- _AIM OF THE TASK_:
An exact transcription is needed of the lines below from the one with "8일 강원 춘천시 소양강스카이워크를" through the one with "该公司成立于2007年9月,注册资本约7", with no other lines and no pictures.

- _MATERIAL FOR THIS TASK_:

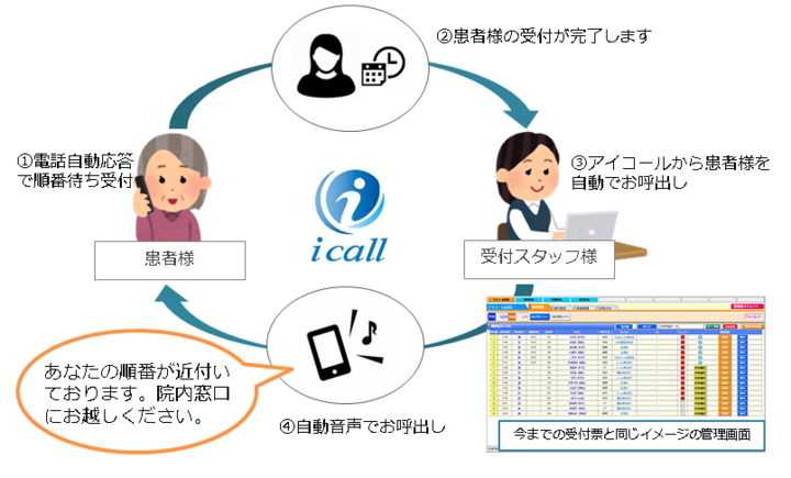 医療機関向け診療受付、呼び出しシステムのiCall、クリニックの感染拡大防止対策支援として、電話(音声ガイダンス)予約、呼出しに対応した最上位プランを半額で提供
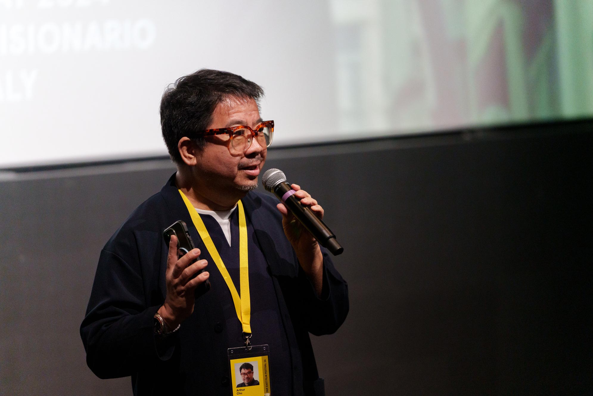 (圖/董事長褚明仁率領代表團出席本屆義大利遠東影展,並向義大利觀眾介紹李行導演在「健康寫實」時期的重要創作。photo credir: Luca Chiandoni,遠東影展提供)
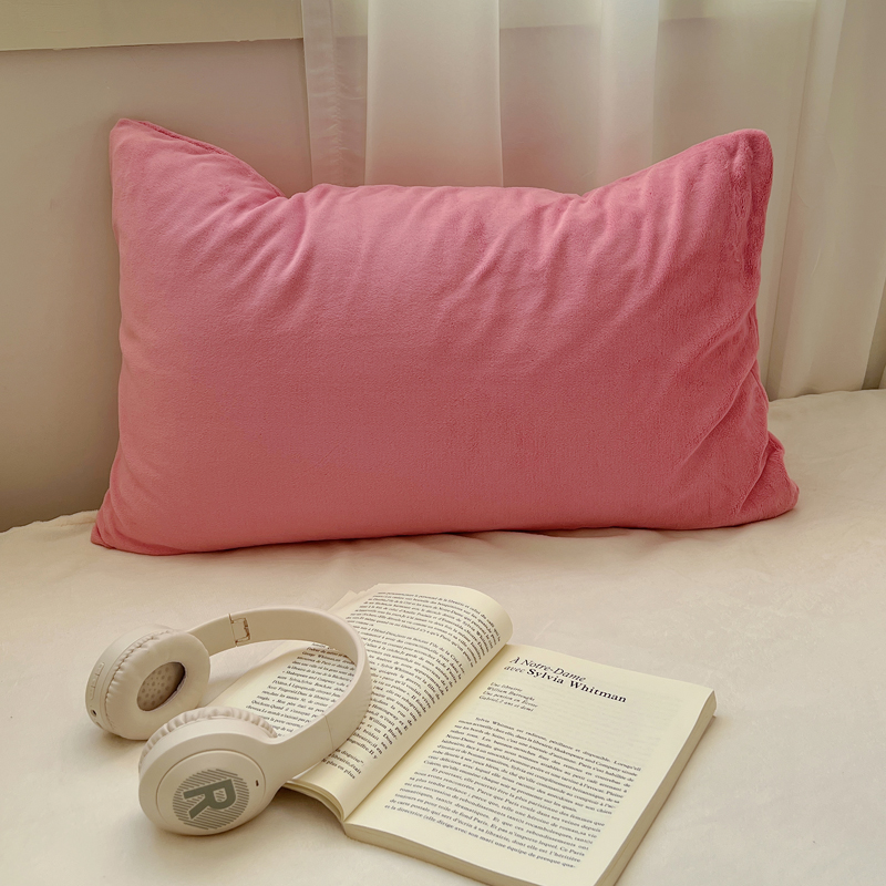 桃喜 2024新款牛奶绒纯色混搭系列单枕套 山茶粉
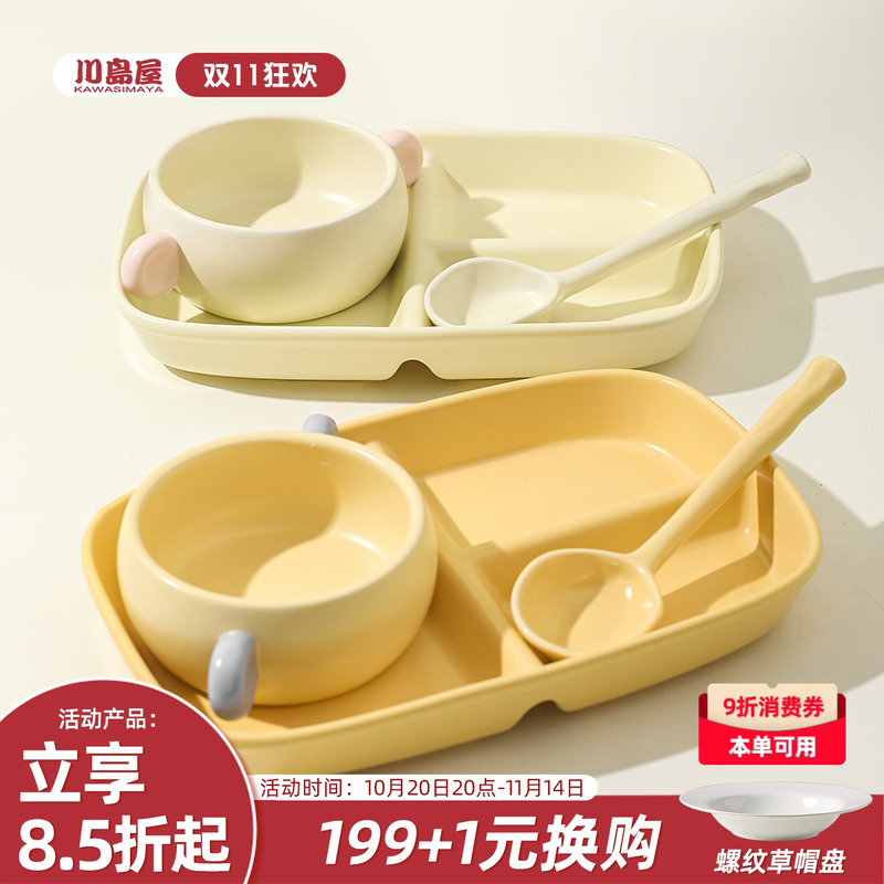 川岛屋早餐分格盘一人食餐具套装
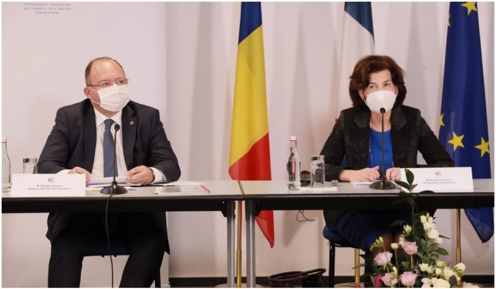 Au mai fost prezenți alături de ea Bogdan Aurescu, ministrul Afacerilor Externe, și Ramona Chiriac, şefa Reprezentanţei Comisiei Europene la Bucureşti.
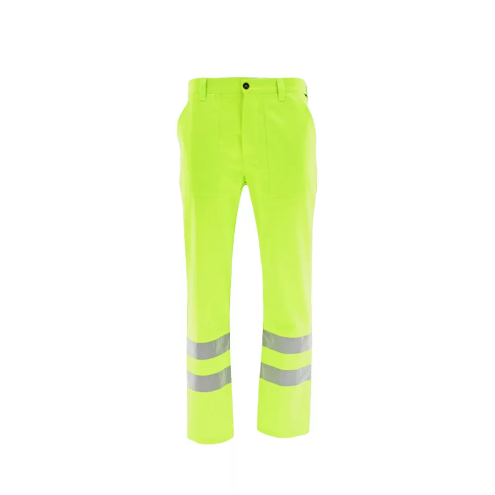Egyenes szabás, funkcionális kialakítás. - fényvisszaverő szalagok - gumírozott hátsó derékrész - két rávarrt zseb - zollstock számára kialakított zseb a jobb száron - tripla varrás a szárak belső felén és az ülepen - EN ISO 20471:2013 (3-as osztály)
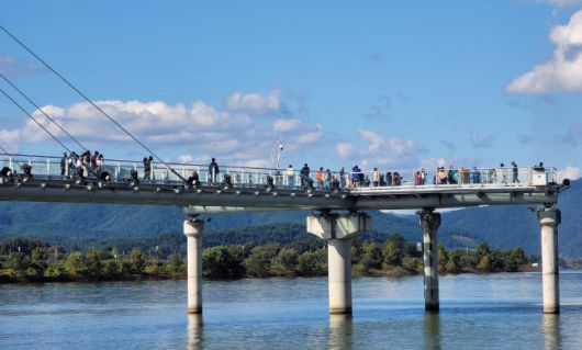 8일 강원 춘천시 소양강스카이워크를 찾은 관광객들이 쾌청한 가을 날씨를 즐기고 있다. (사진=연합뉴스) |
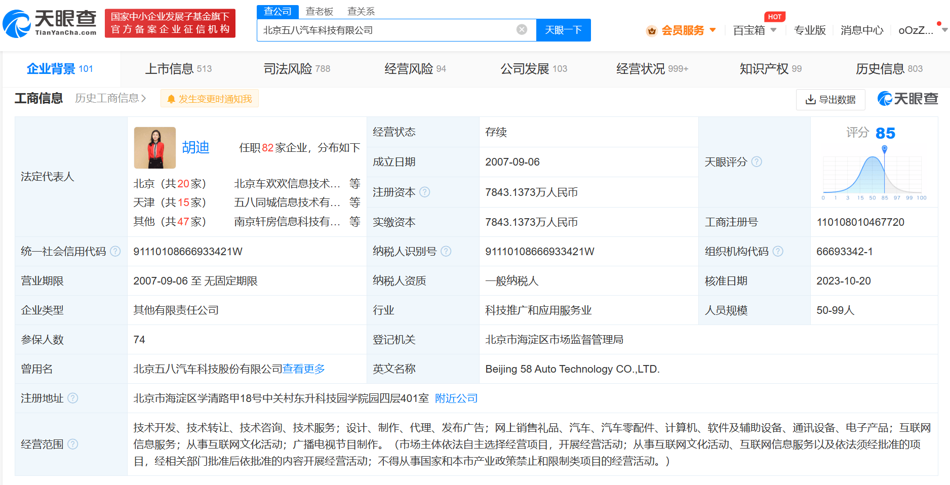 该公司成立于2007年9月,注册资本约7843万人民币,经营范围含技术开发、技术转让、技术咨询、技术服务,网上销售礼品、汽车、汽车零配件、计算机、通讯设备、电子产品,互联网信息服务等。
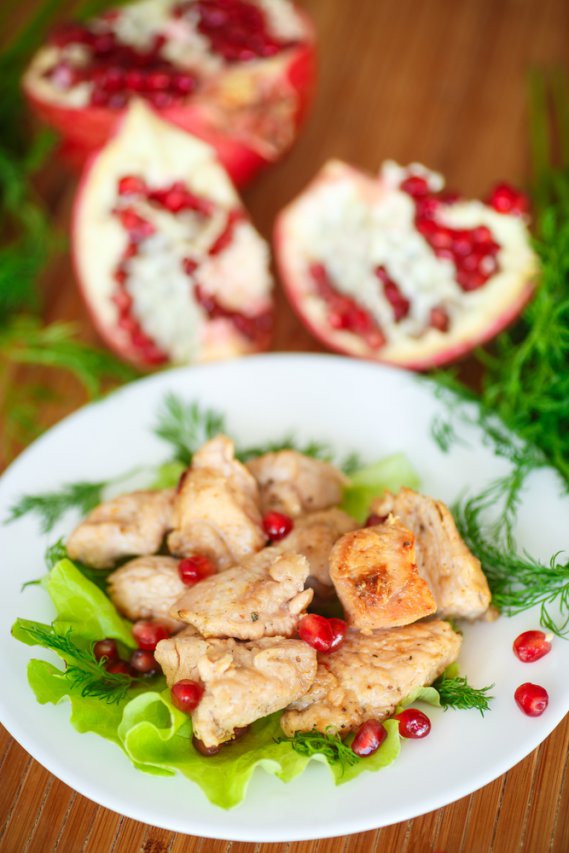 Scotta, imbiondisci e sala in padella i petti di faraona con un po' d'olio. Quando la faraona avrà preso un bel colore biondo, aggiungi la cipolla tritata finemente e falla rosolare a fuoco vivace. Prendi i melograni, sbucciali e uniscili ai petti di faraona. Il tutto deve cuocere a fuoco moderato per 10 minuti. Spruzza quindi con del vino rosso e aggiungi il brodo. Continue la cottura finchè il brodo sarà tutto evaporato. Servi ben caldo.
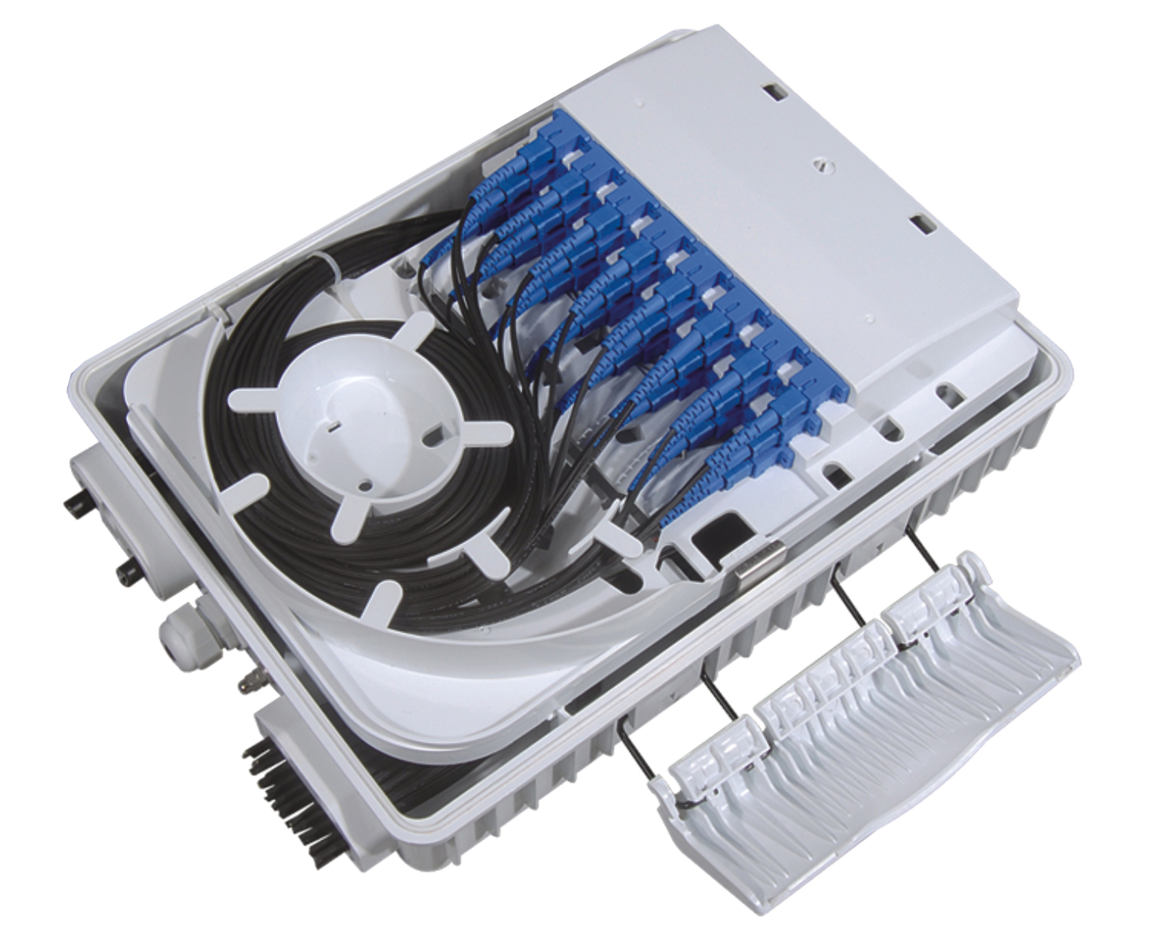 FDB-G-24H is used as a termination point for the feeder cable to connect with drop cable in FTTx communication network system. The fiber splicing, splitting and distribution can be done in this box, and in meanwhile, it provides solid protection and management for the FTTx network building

- _RESULT FOR THIS EXERCISE_:
 8일 강원 춘천시 소양강스카이워크를 찾은 관광객들이 쾌청한 가을 날씨를 즐기고 있다. (사진=연합뉴스) |
 该公司成立于2007年9月,注册资本约7843万人民币,经营范围含技术开发、技术转让、技术咨询、技术服务,网上销售礼品、汽车、汽车零配件、计算机、通讯设备、电子产品,互联网信息服务等。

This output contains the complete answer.